Exercise brief — From the listing below, output only the lines starting at the line that has "Schnellschlussarmatur nach DIN" and ending at the line that has "GOUTTEUR SUR FEUILLESL'eau", exactly as they appear, ends included.

Records for the exercise —
--- START ---

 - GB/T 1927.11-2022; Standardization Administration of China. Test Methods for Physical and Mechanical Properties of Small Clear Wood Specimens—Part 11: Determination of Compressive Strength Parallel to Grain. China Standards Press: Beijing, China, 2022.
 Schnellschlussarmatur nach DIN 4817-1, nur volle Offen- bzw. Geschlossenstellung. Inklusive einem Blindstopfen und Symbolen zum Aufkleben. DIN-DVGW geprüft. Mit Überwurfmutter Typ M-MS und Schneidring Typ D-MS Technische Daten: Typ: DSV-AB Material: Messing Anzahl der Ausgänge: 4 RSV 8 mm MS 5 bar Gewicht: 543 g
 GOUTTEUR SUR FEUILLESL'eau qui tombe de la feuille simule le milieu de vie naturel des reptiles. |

--- END ---
--- START ---

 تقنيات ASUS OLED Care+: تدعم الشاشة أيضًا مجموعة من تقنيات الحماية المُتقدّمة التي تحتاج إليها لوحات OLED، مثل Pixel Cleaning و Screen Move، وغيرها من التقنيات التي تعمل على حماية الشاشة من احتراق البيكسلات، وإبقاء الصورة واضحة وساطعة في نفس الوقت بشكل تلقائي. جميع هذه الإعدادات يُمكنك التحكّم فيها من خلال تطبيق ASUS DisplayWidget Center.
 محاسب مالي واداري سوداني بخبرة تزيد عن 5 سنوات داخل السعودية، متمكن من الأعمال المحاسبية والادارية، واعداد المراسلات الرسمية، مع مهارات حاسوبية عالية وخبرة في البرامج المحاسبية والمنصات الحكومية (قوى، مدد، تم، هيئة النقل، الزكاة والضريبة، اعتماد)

--- END ---

Response —
 Schnellschlussarmatur nach DIN 4817-1, nur volle Offen- bzw. Geschlossenstellung. Inklusive einem Blindstopfen und Symbolen zum Aufkleben. DIN-DVGW geprüft. Mit Überwurfmutter Typ M-MS und Schneidring Typ D-MS Technische Daten: Typ: DSV-AB Material: Messing Anzahl der Ausgänge: 4 RSV 8 mm MS 5 bar Gewicht: 543 g
 GOUTTEUR SUR FEUILLESL'eau qui tombe de la feuille simule le milieu de vie naturel des reptiles. |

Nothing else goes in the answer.